– Steve Hitchen

When I first got started writing about aeroplanes, I knew how important it would be to be able to take my own photos. I had the camera, but did I have the skill? The best way to take great shots is to emulate the best. When it came to air-to-air photos, I got my inspiration from the work of two men: Rob Fox and Glenn Alderton. My aspiration was (still is!) to be able to take shots as good as theirs. When it came to ground images and environmental portraits, I added another name: Mark Smith. As a Herald-Sun photographer, Mark's skill with imaginative structure and lighting set me a target that I have never even come close to reaching. Sadly, Mark was killed in a pedestrian accident near his home on Tuesday evening, leaving a large hole in the aviation journalism community. Mark had also turned his hand to writing, first as an occasional contributor to Australian Flying, then as editor of Australian Pilot and later Sport Pilot. His work with the pen in the beginning was, to be frank, unexciting, but over the years it got incrementally better as he worked harder at the craft. It was a credit to his determination to produce the best work he could. A passionate character that always spoke up for general aviation, he could at times be awkward to work with as he held his ground on a position and a phone call could come your way at any time of the night. It was all a part of who he was and the station in life he strove for. You always knew where you stood with Mark Smith. My condolences go to Michelle and the rest of his family.

The Civil Aviation Amendment Bill 2019 is back with the House of Reps. It got a good run in the Senate this week, with the Greens pushing the hairy old barrow of interfering with aviation safety as they sought to send the bill to a committee. The red seats mostly didn't agree. Victorian Senator Janet Rice put forward the theory that general aviation needs to be looked after, but we shouldn't be asking CASA to do it; rather, it was the job of parliament. Experience has taught me that fixing general aviation is not what parliaments do. Parliaments are there to bandy about legislation, not to actually do anything; that's the theoretical role of governments. And it is this government's stated position (supported by the ALP) that safety still gets the priority over the economics of regulation. Taking that into account, it's still very hard to see how amending the Act will help GA at all. Let me reinforce that the need to consider cost is already in a legislative document: the Statement of Expectations. If that is not being properly enforced, what confidence can we have that the provisions of the Act will be enforced?

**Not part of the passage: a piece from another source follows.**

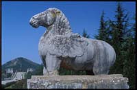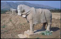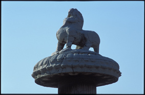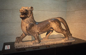 藏王墓位于西藏自治區(qū)瓊結縣,是公元七——九世紀歷代吐蕃贊普的墓葬群,現(xiàn)存石獅一對和石碑、柱等。造型除受中原影響外,樣式特征亦帶有波斯風格影響。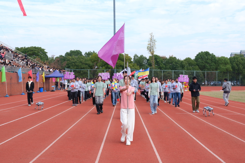 在运动会开幕式上,伴随着《运动员进行曲》,由中外教师及学生代表组成的学院方队昂首挺胸、精神抖擞,迈着自信的步伐,在嘹亮的“青春飞扬,赫特翱翔,运动赛场,铸就辉煌!”的口号中自信走过主席台。

A classic case emerged this week with CASA grounding all Airvan 8s after the parachuting accident in Sweden. The Swedish authorities expressed concerns that the aircraft may have broken up in the air, leading CASA to ground all GA8s for 15 days as a precaution. They lifted the ban five days later (kudos to them), but at what cost? When asked why they felt it was paramount to ground the GA8s when a recent spate of in-flight break-ups with C210s didn't draw that reaction, I was told "the difference is there is specific information available for the Cessna. At this stage there is only the general observation that the Airvan may have suffered an inflight failure." So we've grounded the aircraft type and caused economic strain based on a "general observation". Another general observation would show that in-flight break-ups are more likely to be caused by ageing fatigue, over-loading or misuse of the controls. The oldest Airvan 8 in the world has just turned 20; not old in a fleet with an average age nearing 40 and unlikely to be suffering from fatigue. Rapid elimination means that if the Swedish Airvan did break up in the air it is most likely an over-stress situation, something not likely to have an impact on every other GA8 in the world. With only one incident on the cards, what was it that made CASA think there was an issue that was an immediate threat to safety? It doesn't matter ... with safety as their priority, they may as well ground them all because the cost to the industry is of secondary concern to the regulator.

May your gauges always be in the green.